Analog signals are sensitive to noise sources and loss of signal strength over time and distance, but digital signals are relatively insensitive to noise and loss of strength. This is because a digital signal has two wide voltage bands that define a '0' and '1', and any voltage inside a band is an acceptable encoding. In Fig. 5 to the right, a digital signal with tens or hundreds of millivolts of noise defines stable 0s and 1s despite the noise; if this same amount of signal noise were present on an analog signal, the circuit could not possibly function correctly. It is because digital signals are more robust and easier to work with that electronics industries the world over have “gone digital”.

## Electronic Components

#### Resistors

Resistors are two-terminal devices that restrict, or resist, the flow of current. The larger the resistor, the less current can flow through it for a given voltage as demonstrated by Ohm’s law. Electrons flowing through a resistor collide with material in the resistor body, and it is these collisions that cause electrical resistance. These collisions cause energy to be dissipated in the form of heat or light (as in a toaster or light bulb). Resistance is measured in Ohms, and an ohm is defined by the amount of resistance that causes 1A of current to flow from a 1V source. Resistors can be purchased in the range of less than 1 ohm to several million ohms (or megaohms). For most circuits, a one-ohm resistance is a relatively small value, and a 100 KΩ resistance is a relatively large value. The physical size and appearance of a resistor is determined by the required application. Resistors that must dissipate large amounts of energy (such as in a toaster) are relatively large, whereas resistors that dissipate small amounts of current (such as those used on Digilent boards for various purposes) are relatively small. The amount of power (in Watts) dissipated in a resistor can be calculated using the equation P=I2R (or P=V·I), where I is the current flowing through the resistor, V is the voltage across the resistor, and R is the resistance. A resistor that can dissipate about 5 Watts of power would be about the size of a writing pen, and a resistor that can only dissipate 1/8 Watt is about the size of a grain of rice. If a resistor is placed in a circuit where it must dissipate more that its intended power, it will simply melt.

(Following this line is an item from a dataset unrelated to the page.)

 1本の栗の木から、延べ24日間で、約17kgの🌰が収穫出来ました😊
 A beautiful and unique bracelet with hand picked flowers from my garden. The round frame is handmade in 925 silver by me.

Several different resistors are used on Digilent boards. Some are used to limit LED current, and some are used on inputs (like the button and switch circuits) to both limit the currents flowing to the main chip, and to help protect against electrostatic discharge (or ESD – more on this topic later). The resistors on the Digilent boards, like most resistors used in digital systems, are physically small because they will not encounter large voltages or currents. For these smaller resistors, the resistor value in Ohms is printed in microscopic numbers on the resistor body, not visible to the naked eye.

Some older or lower cost circuit boards use “through hole” components instead of the smaller (and cheaper) “surface mount” components. Through-hole resistors are about 5mm long by 2mm wide, and they are typically brown or blue, with colored stripes on their bodies (the colored strips encode the resistance value). In circuit schematics and in parts lists, resistors are typically denoted with reference designators that begin with an “R”. You can see several rectangular white boxes with “R_” on the Digilent board silk-screen. In circuit schematics, a resistor is shown as a jagged line.

#### Capacitors

A capacitor is a two-terminal device that can store electric energy in the form of charged particles. You can think of a capacitor as a reservoir of charge that takes time to fill or empty. The voltage across a capacitor is proportional to the amount of charge it is storing—the more charge added to a capacitor of a given size, the larger the voltage across the capacitor. It is not possible to instantaneously move charge to or from a capacitor, so it is not possible to instantaneously change the voltage across a capacitor. It is this property that makes capacitors useful on Digilent boards and in many other applications.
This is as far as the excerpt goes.